> Your assignment
Once you find the line with "2025-10-03 KBO 분석자료 스포츠 무료중계 / 스포츠 중계" in the entries below, print it and each line after it up to and including the line with "가끔 홈페이지가 먹통인", exactly, without pictures.

> Records for the task
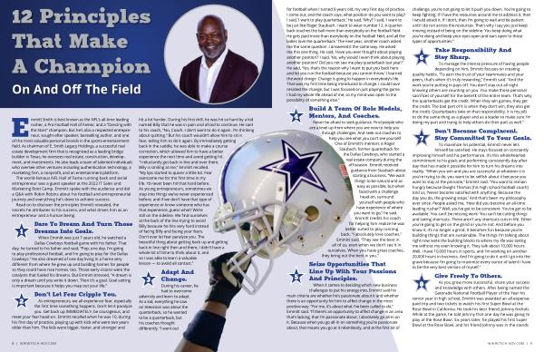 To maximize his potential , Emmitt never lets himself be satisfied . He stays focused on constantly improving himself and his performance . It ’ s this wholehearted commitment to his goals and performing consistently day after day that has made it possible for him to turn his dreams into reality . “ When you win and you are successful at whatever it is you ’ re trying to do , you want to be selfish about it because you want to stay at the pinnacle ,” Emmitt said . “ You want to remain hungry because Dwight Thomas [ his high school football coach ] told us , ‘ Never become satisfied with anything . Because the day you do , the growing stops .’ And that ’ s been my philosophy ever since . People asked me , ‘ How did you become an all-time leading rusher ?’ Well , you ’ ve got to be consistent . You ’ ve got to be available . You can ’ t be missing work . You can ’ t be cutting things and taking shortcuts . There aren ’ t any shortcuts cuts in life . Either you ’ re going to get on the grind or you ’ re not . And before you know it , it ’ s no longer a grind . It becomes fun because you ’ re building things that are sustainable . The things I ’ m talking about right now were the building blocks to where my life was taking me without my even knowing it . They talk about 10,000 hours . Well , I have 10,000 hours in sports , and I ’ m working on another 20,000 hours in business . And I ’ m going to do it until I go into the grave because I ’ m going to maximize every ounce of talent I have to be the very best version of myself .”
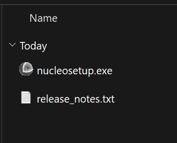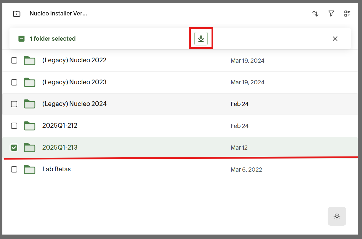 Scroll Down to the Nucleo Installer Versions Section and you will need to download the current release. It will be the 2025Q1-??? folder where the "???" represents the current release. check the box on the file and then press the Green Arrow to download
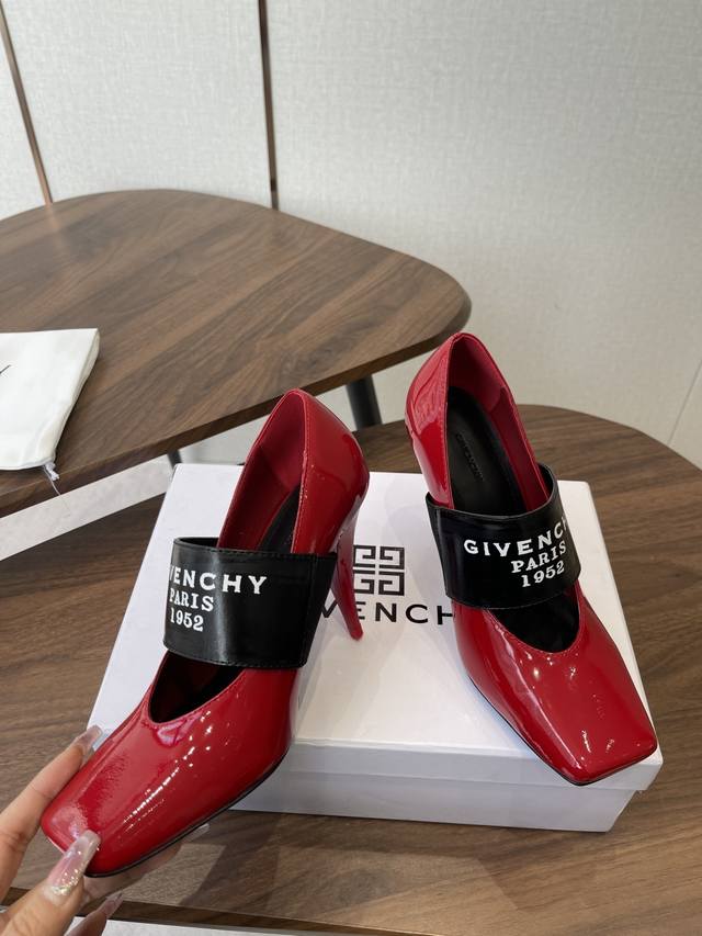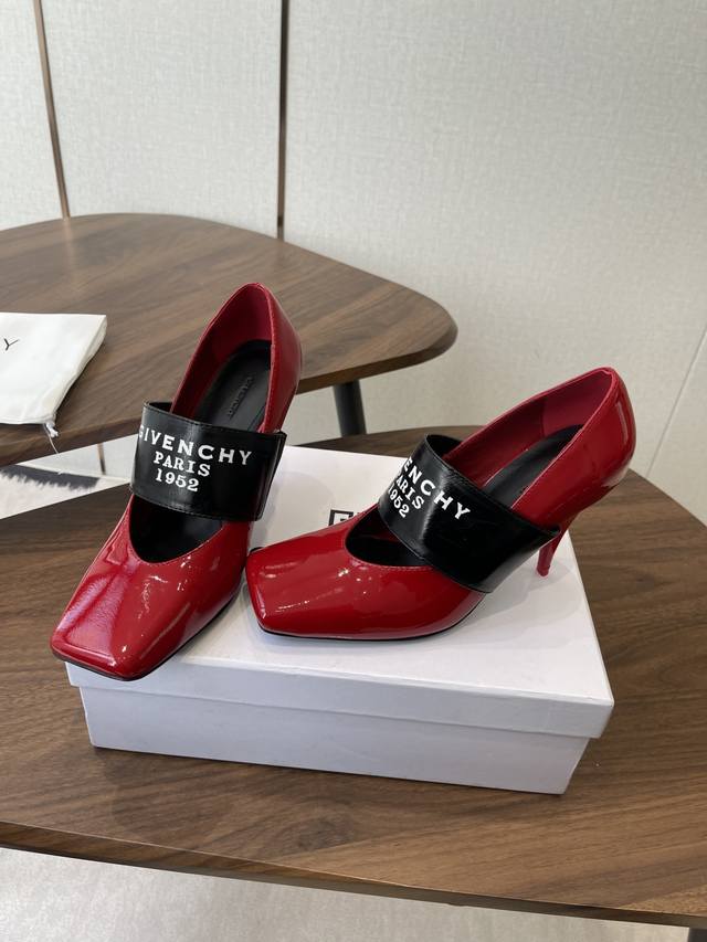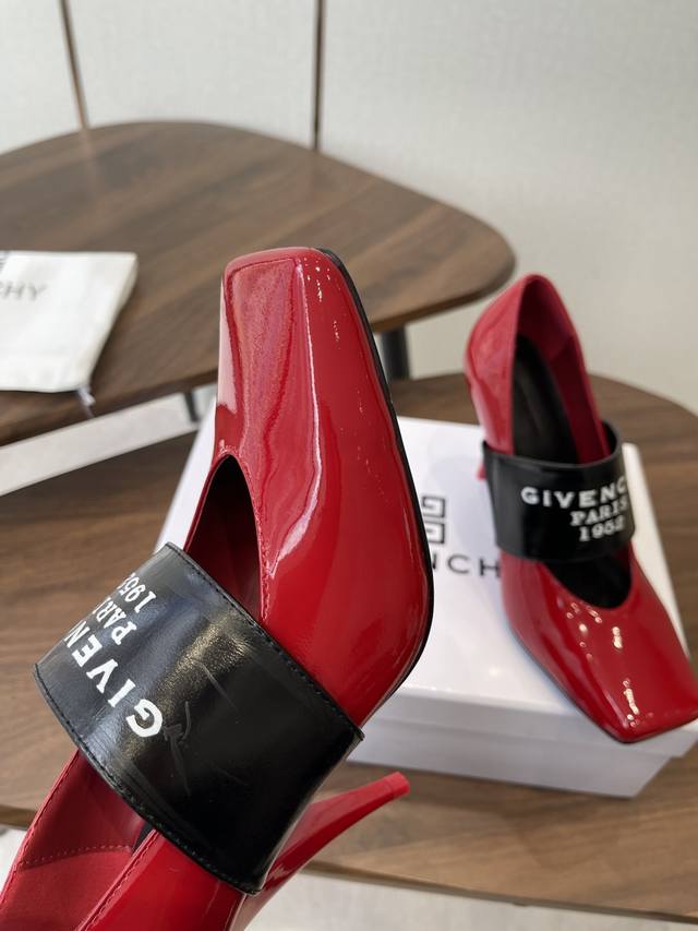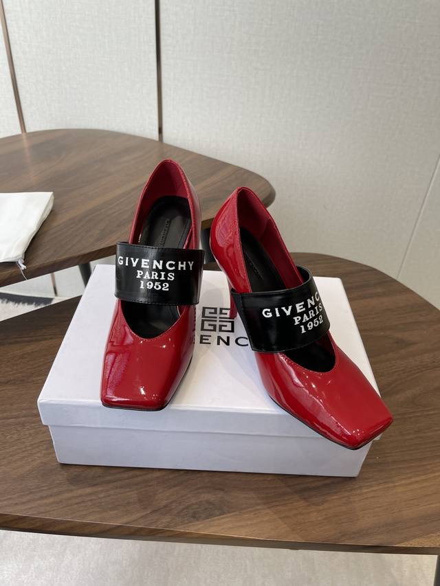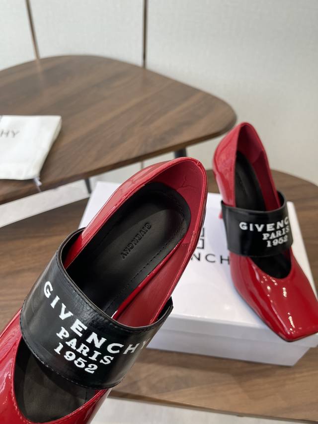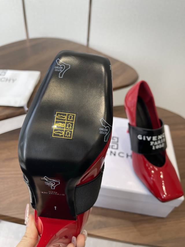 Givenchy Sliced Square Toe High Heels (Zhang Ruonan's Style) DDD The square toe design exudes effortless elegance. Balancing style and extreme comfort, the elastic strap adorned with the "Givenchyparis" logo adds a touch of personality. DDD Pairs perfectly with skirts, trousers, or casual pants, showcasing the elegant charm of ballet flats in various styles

---

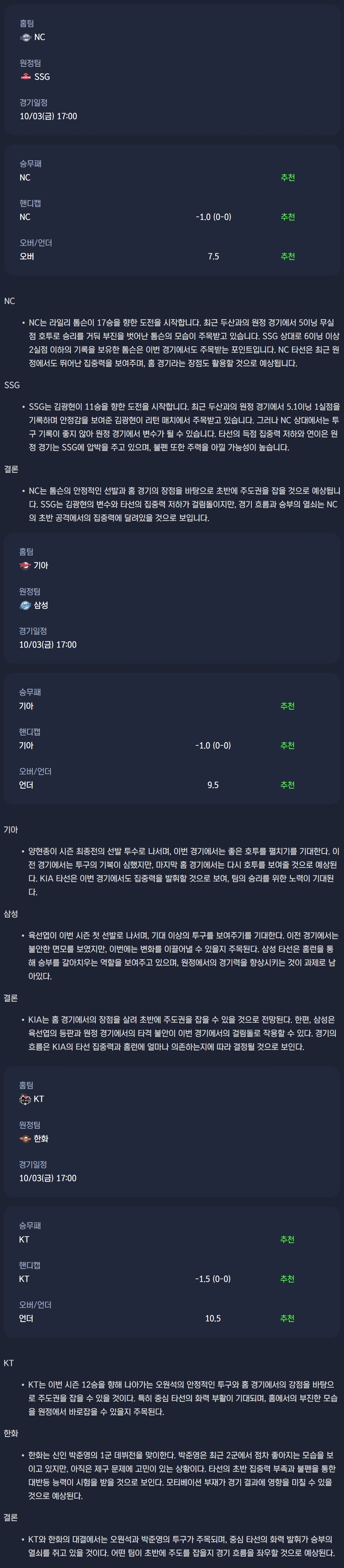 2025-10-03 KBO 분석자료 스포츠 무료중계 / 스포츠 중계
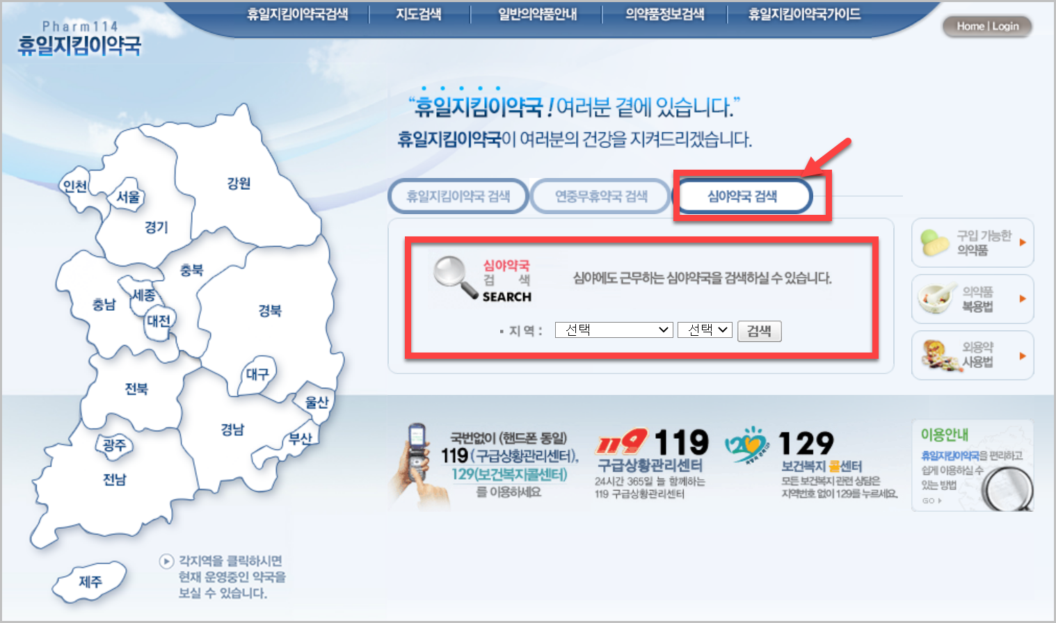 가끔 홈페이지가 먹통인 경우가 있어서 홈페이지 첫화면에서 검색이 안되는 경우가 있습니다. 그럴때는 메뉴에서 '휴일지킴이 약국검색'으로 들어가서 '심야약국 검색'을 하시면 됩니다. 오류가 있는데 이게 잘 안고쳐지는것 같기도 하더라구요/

> Output of the exercise
 2025-10-03 KBO 분석자료 스포츠 무료중계 / 스포츠 중계
 가끔 홈페이지가 먹통인 경우가 있어서 홈페이지 첫화면에서 검색이 안되는 경우가 있습니다. 그럴때는 메뉴에서 '휴일지킴이 약국검색'으로 들어가서 '심야약국 검색'을 하시면 됩니다. 오류가 있는데 이게 잘 안고쳐지는것 같기도 하더라구요/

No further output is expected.